Not long ago my close friend Manna told of an oil spill he encountered on his way back to the North. Hundreds, maybe thousands of birds lay in the black mixture dead or dying. Only the quick actions of a group of locals saved a few precious lives.
Somewhat shaken by the incident, Manna vowed to never again travel that route. “We must be alert and keep our eyes open for such disasters,” he warned in our native tongue.
I spend my days here on the water, not fully aware of what it is I am missing. I know no other world than the one in which I live and breath.
Still somewhere inside there is a void, a space that cannot be filled with ancient stories. Stories passed down through years, decades and centuries from one species to the next.
Even though all I see is all I know, at times I feel the loss; the loss of a clean environment, the loss of a life free from dangerous oil spills and poisonous chemicals that threaten our very existence.

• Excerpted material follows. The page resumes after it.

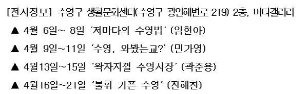 Àü½Ã´Â ¼ö¿µ±¸ »ýȰ¹®È¼¾ÅÍ(¼ö¿µ±¸ ±¤¾ÈÇØº¯·Î 219) 2Ãþ ¹Ù´Ù°¶·¯¸®¿¡¼ ÁøÇàµÇ¸ç, ´©±¸³ª ÀÚÀ¯·Ó°Ô °ü¶÷ÇÒ ¼ö ÀÖ´Ù.
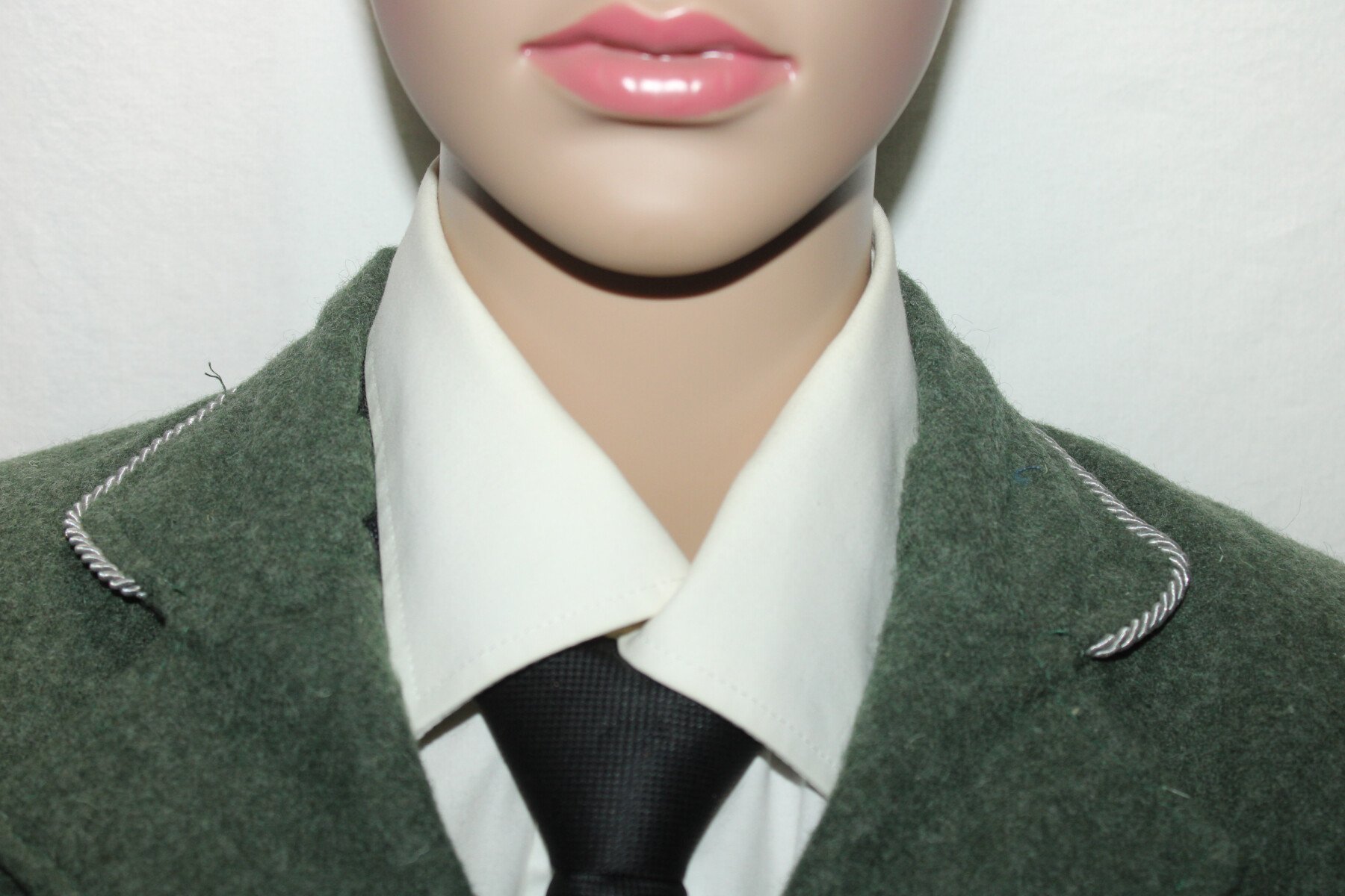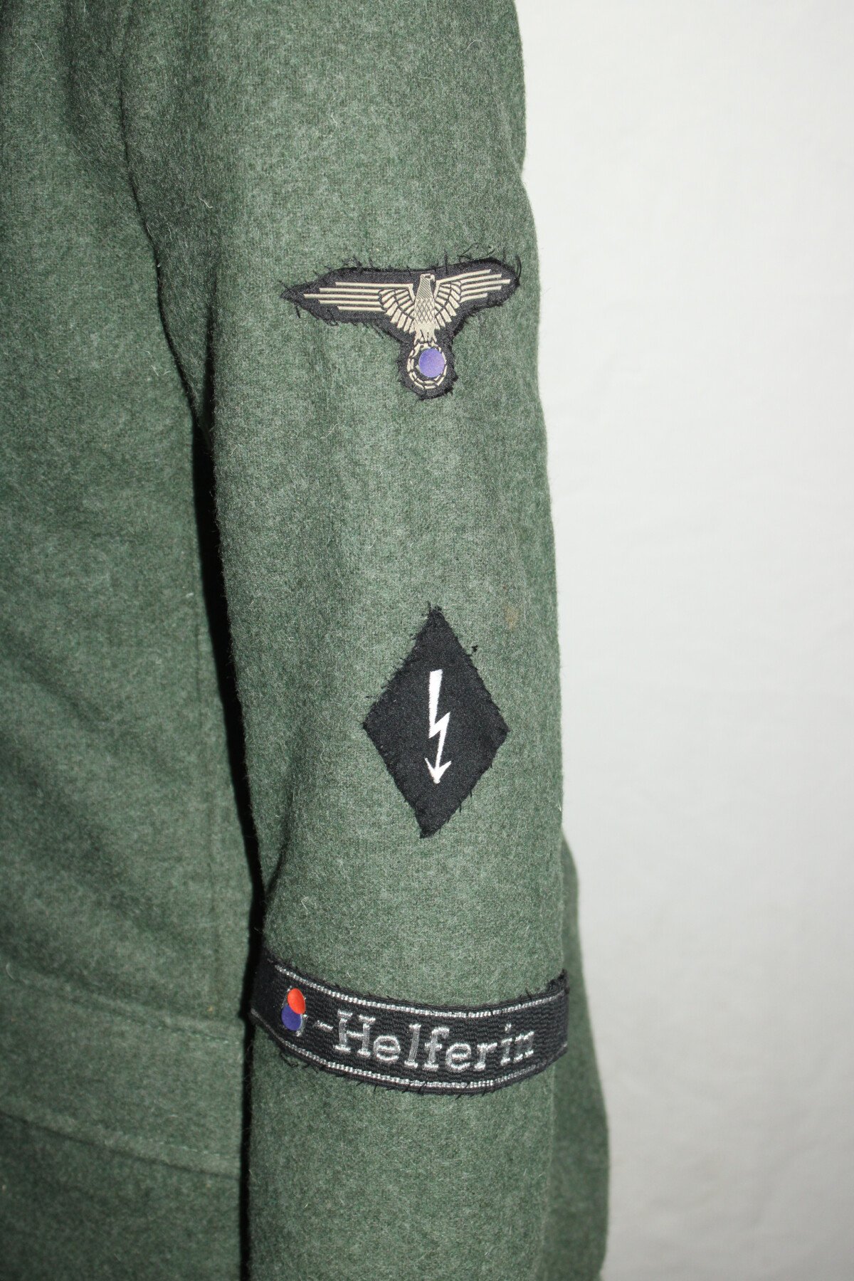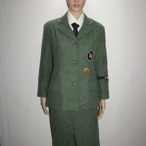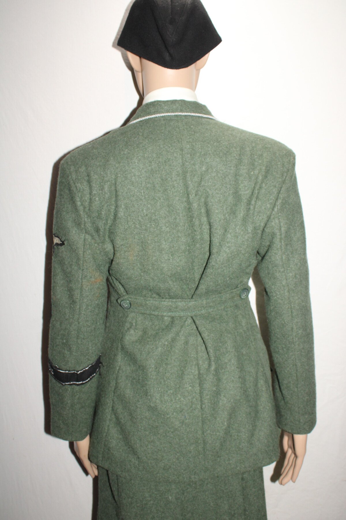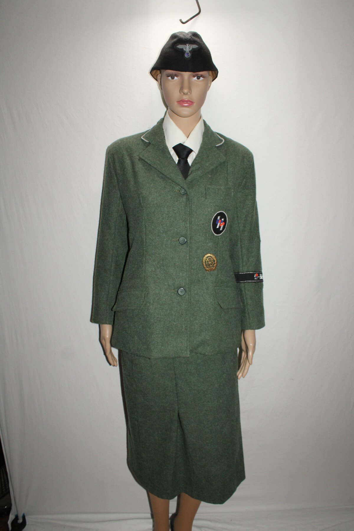 Ensemble veste et jupe en drap feldgrau de SS- helferin. Calot en taille 57. Vendue avec chemise, cravate et chaussures de fabrication actuelle. Chaussures collé aux pieds.Ensemble avec le mannequin...

As we slowly turn the page on another year, a strange and haunting year, I am uneasy about the future and what the corrupt hand of those who care only for gain will bring to these parts; what the end result will be for me and my kind.
The mournful sound of a world on the brink of a disaster unlike anything in history can be heard by those who have the ears with which to listen.
And so it must be as I rise from the water with all the strength in my young wings and circle the beach, flying over garbage, broken glass and other debris, for man is the ruler of this delicate world we inhabit, and we must not question the one we call Father of his choice.